• _Data shown_:
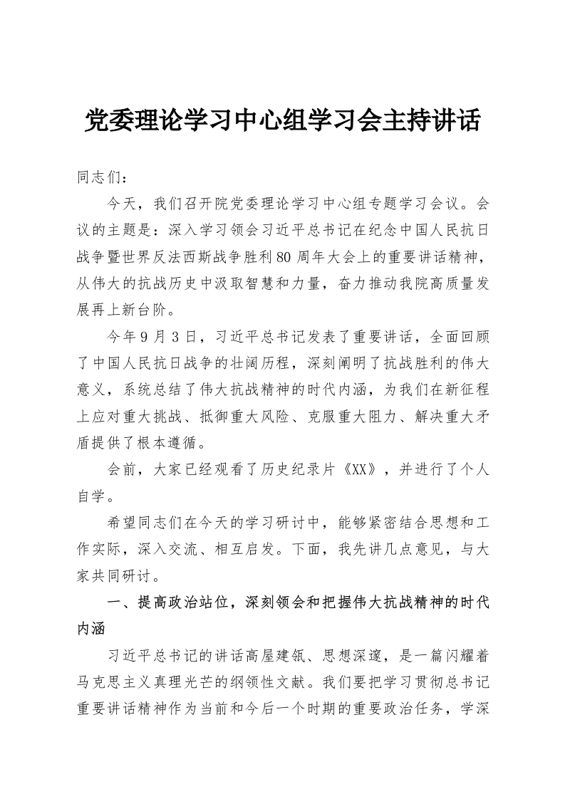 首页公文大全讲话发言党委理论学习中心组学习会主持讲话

...

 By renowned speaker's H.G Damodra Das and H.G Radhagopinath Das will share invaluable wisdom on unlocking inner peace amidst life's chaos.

---

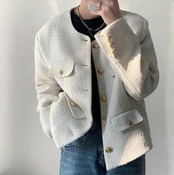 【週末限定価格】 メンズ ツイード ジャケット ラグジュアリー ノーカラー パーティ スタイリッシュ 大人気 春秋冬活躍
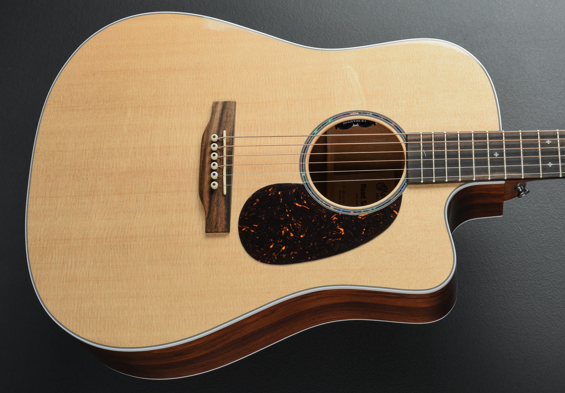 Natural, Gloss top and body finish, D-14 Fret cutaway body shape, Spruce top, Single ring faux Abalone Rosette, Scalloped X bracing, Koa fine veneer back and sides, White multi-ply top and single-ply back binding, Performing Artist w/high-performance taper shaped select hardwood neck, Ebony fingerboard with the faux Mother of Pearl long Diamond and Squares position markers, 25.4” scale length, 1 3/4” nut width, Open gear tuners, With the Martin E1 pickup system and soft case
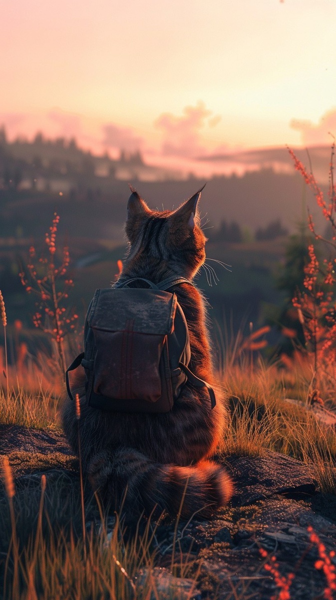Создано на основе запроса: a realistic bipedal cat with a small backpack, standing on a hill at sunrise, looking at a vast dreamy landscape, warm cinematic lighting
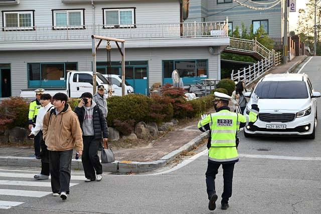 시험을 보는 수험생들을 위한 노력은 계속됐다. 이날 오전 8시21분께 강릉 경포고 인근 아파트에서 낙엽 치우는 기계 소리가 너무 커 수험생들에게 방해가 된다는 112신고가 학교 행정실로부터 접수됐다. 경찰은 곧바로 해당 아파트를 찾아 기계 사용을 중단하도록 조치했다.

• _Work request_: For this exercise, return exactly the lines above from the line with "Создано на основе" through the line with "시험을 보는 수험생들을", both included. Do not copy the pictures.

• _Result of the task_:
Создано на основе запроса: a realistic bipedal cat with a small backpack, standing on a hill at sunrise, looking at a vast dreamy landscape, warm cinematic lighting
 시험을 보는 수험생들을 위한 노력은 계속됐다. 이날 오전 8시21분께 강릉 경포고 인근 아파트에서 낙엽 치우는 기계 소리가 너무 커 수험생들에게 방해가 된다는 112신고가 학교 행정실로부터 접수됐다. 경찰은 곧바로 해당 아파트를 찾아 기계 사용을 중단하도록 조치했다.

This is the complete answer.